Start of Raw data

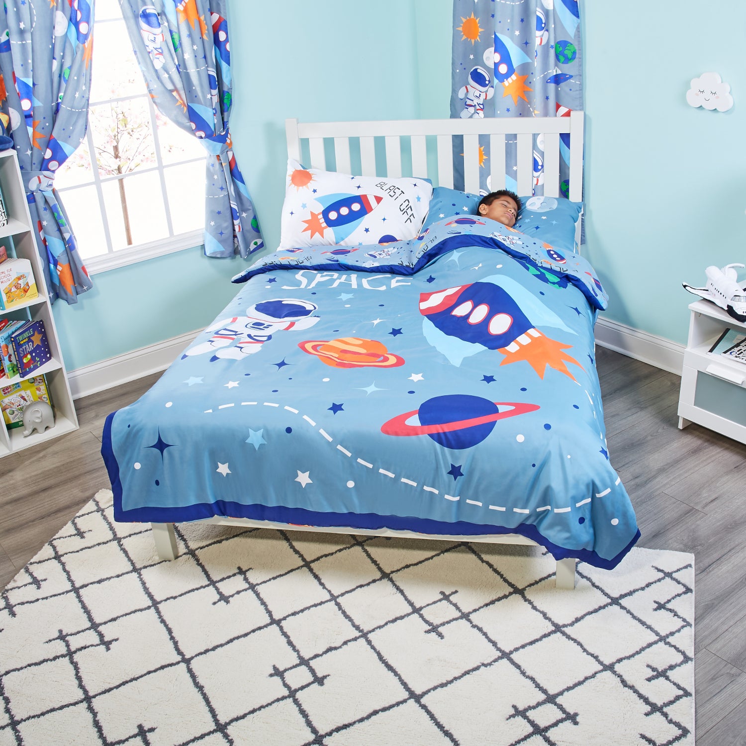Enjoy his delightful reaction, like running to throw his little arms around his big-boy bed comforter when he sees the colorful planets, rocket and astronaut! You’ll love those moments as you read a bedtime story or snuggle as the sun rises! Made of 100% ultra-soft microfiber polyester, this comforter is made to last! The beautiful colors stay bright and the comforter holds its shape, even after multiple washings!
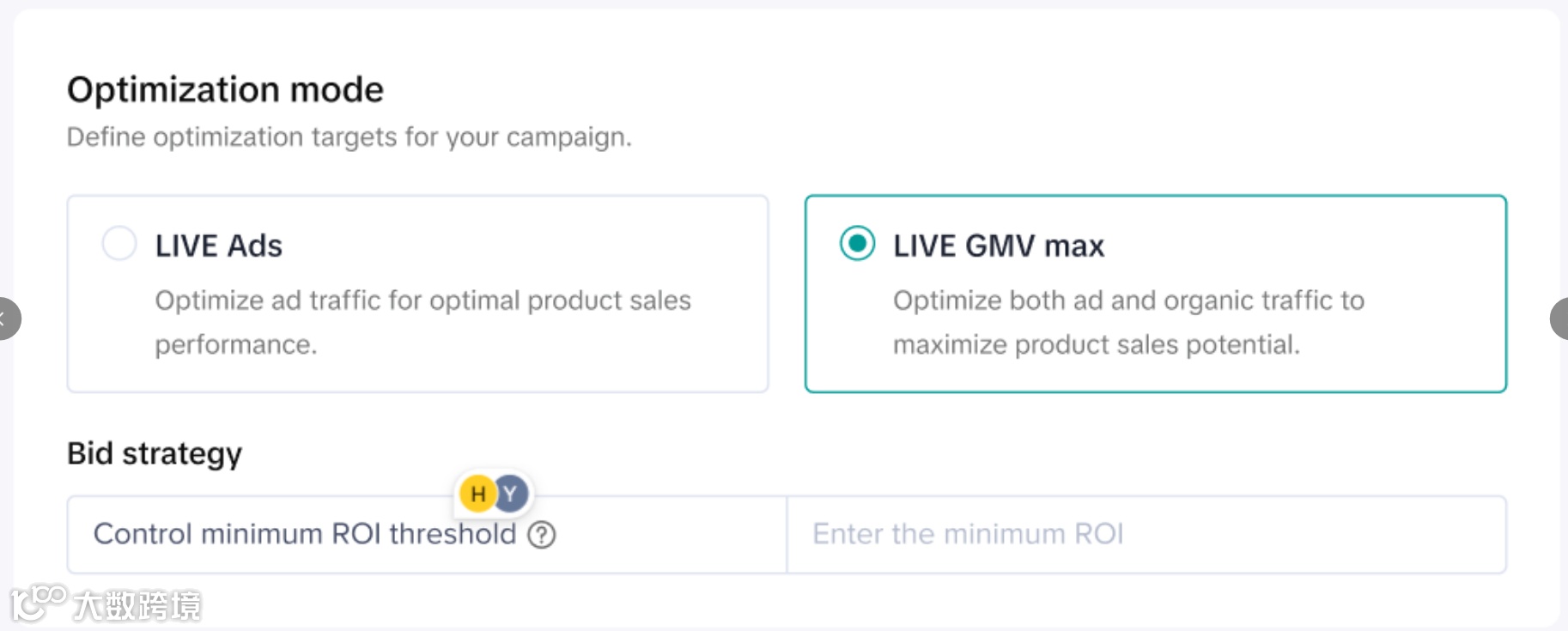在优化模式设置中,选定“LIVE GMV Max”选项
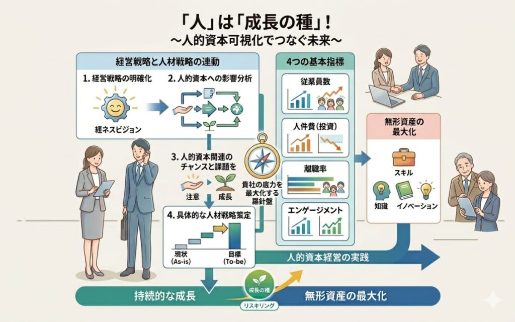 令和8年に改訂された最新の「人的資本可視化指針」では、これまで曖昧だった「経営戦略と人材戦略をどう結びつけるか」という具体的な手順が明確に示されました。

End of Raw data

Your instructions
Every line above is to be repeated exactly, but no picture is to appear in the copy.

Solution
Enjoy his delightful reaction, like running to throw his little arms around his big-boy bed comforter when he sees the colorful planets, rocket and astronaut! You’ll love those moments as you read a bedtime story or snuggle as the sun rises! Made of 100% ultra-soft microfiber polyester, this comforter is made to last! The beautiful colors stay bright and the comforter holds its shape, even after multiple washings!
在优化模式设置中,选定“LIVE GMV Max”选项
 令和8年に改訂された最新の「人的資本可視化指針」では、これまで曖昧だった「経営戦略と人材戦略をどう結びつけるか」という具体的な手順が明確に示されました。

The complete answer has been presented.